Work instruction:
Write the listing out once more, identical to the original but without pictures.

Information supplied:
↓↓↓

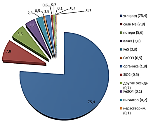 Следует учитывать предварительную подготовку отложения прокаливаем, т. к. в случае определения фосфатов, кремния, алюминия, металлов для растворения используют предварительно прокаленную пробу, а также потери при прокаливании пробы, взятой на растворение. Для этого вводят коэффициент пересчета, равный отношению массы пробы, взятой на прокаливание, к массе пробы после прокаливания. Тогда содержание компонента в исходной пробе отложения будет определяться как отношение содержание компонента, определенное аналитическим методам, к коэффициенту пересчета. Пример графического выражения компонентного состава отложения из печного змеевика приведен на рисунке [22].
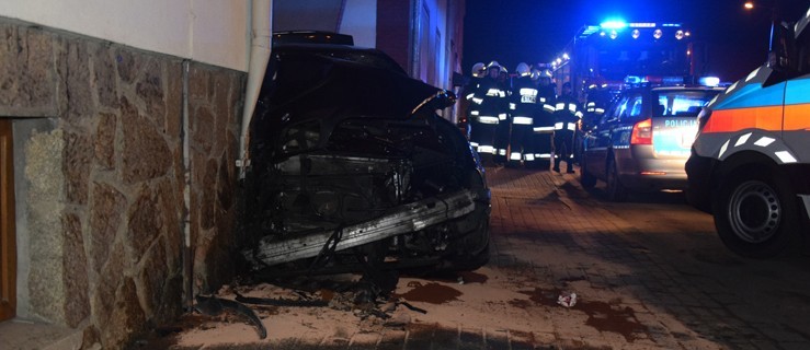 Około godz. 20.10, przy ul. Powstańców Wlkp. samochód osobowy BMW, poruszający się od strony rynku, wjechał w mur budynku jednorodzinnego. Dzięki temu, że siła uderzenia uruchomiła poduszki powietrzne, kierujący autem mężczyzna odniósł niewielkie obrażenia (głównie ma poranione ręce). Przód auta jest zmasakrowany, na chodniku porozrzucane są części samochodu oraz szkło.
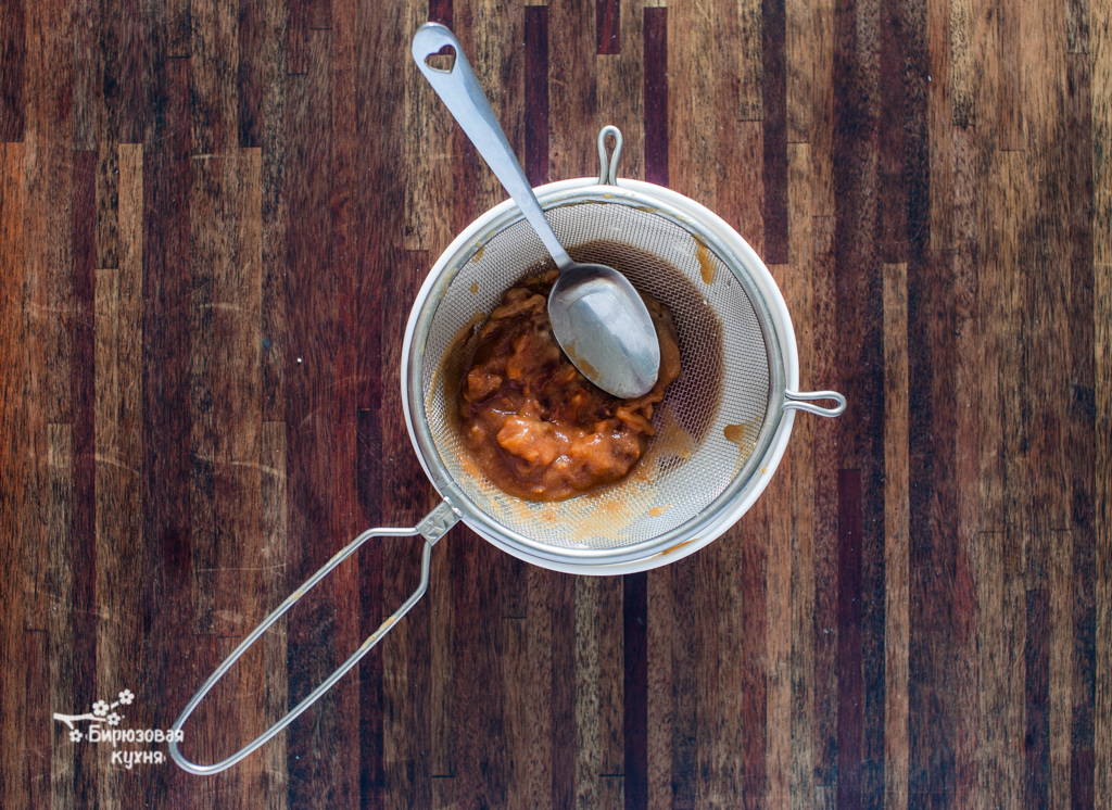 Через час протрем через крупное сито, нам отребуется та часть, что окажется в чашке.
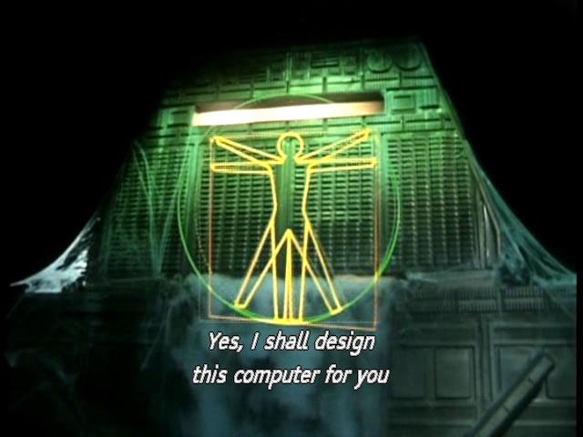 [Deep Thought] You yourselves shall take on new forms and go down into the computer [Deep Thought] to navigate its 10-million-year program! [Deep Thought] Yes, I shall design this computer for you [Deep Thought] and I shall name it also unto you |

↑↑↑

Finished task:
 Следует учитывать предварительную подготовку отложения прокаливаем, т. к. в случае определения фосфатов, кремния, алюминия, металлов для растворения используют предварительно прокаленную пробу, а также потери при прокаливании пробы, взятой на растворение. Для этого вводят коэффициент пересчета, равный отношению массы пробы, взятой на прокаливание, к массе пробы после прокаливания. Тогда содержание компонента в исходной пробе отложения будет определяться как отношение содержание компонента, определенное аналитическим методам, к коэффициенту пересчета. Пример графического выражения компонентного состава отложения из печного змеевика приведен на рисунке [22].
 Około godz. 20.10, przy ul. Powstańców Wlkp. samochód osobowy BMW, poruszający się od strony rynku, wjechał w mur budynku jednorodzinnego. Dzięki temu, że siła uderzenia uruchomiła poduszki powietrzne, kierujący autem mężczyzna odniósł niewielkie obrażenia (głównie ma poranione ręce). Przód auta jest zmasakrowany, na chodniku porozrzucane są części samochodu oraz szkło.
 Через час протрем через крупное сито, нам отребуется та часть, что окажется в чашке.
 [Deep Thought] You yourselves shall take on new forms and go down into the computer [Deep Thought] to navigate its 10-million-year program! [Deep Thought] Yes, I shall design this computer for you [Deep Thought] and I shall name it also unto you |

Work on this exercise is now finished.